I want DS to experience sweets (because, who doesn't like them?? I know I do!) but I also want him to make healthy choices. I want him to know he can eat his healthy lunch and still get a "sweet" something later for a snack.. that way he doesn't go crazy anytime he gets something sweet later on in life.
I promise it's not eating sweets at a young age that is setting kids up for failure. It's the lack of a healthy diet, eating ONLY sweets and kids sitting around not playing all day.
I agree with this. Everything in moderation is fine. I am picky about what foods I feed my son because I want him to have a healthy, well rounded diet and that includes food that is as natural as possible. A homemade cookie or bit of apple crisp is not going to kill him, however. I eat sweets and I'm not going to hide it. As soon as he was old enough to notice and start asking, he was allowed to eat dessert when I eat it.
I know a girl who grew up without a microwave because her mother did not believe in them. She used to sneak SO MUCH microwave popcorn, pop tarts, and other microwavable junk over at my house because it was such a treat. I want to avoid that scenario, so if it means that my kid gets some sugar every so often, so be it.
THIS!!!!! 100%
My child is active, eats healthy meals 99% of the time, loves his fruits, working on his veggies, and doesn't zombie out in front of the tv...
The children we need to be concerned about are ones like I babysat the other day:
The mother brought them over with poptarts and frozen corn dogs for breakfast, chicken nuggets for lunch, peanut butter and some spoons for a snack, fake juice for their drinks, and instructions to let them watch tv whenever they wanted to... her kids are 18 months, and 3 years old....
I am definitely not like most of you.
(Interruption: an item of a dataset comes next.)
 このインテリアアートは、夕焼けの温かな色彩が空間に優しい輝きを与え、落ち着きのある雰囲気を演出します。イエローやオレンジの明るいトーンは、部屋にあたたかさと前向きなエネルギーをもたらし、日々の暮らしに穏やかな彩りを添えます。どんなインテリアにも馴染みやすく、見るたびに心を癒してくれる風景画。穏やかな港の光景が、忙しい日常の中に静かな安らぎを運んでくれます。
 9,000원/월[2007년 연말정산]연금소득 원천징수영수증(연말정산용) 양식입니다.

I give my 15 mo old son treats. Not everyday, but I will give him nibbles of what I am eating and occasionally give him a treat of his own.
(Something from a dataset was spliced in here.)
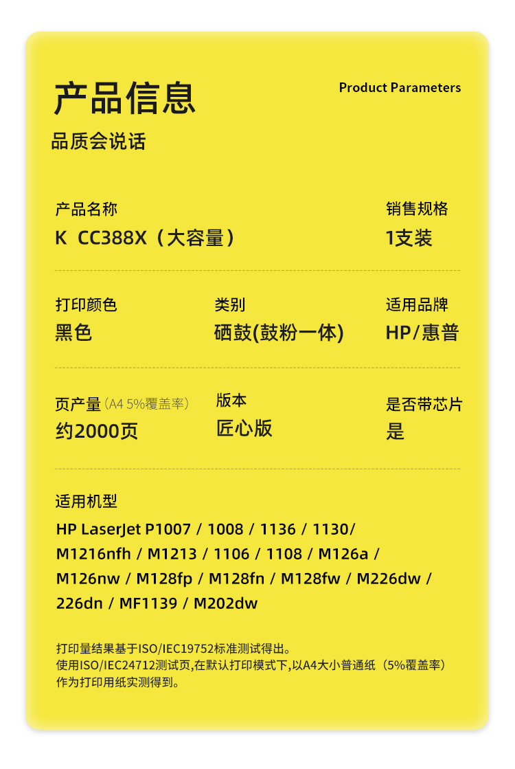 商品标题:科思特(KST)兼容K CC388X 匠心版大容量硒鼓(鼓粉一体)黑色(适用惠普P1007/1008/1136/1130/M1216nfh/M1213)打印页数:2000页(单位:支)

I was one of those people that was deprived of sweets growing up. We only had healthy foods in the house. If I got sweets it was on holidays and that was it. In response, I would sneak candy and treats in my room, my mom would find candy wrappers and similar that I would get when I was old enough to go to the corner store and use my own change. I would steal change from my dad to buy a dessert at school because I never got anything ever at home. (yes, I always got busted lol) This resulted in a weight problem for me because I eventually over indulged.
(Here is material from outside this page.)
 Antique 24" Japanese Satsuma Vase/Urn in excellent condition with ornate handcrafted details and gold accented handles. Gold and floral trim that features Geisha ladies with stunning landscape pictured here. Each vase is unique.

I dont believe in depriving. I think it is dangerous. There are too many temptations around; denying your kids of anything beyond healthy is setting them up for issues in the future, in my opinion. As a former in-home child therapist, I also saw many kids have this same issue from not being allowed any sweets.
I believe in balance. We all want our kids to be healthy. That goes without saying. So long as your child continues to eat what is best for them, a little yummy sweet is harmless. My son would probably prefer to live on vegetables than sweets anyway; he goes crazy for them.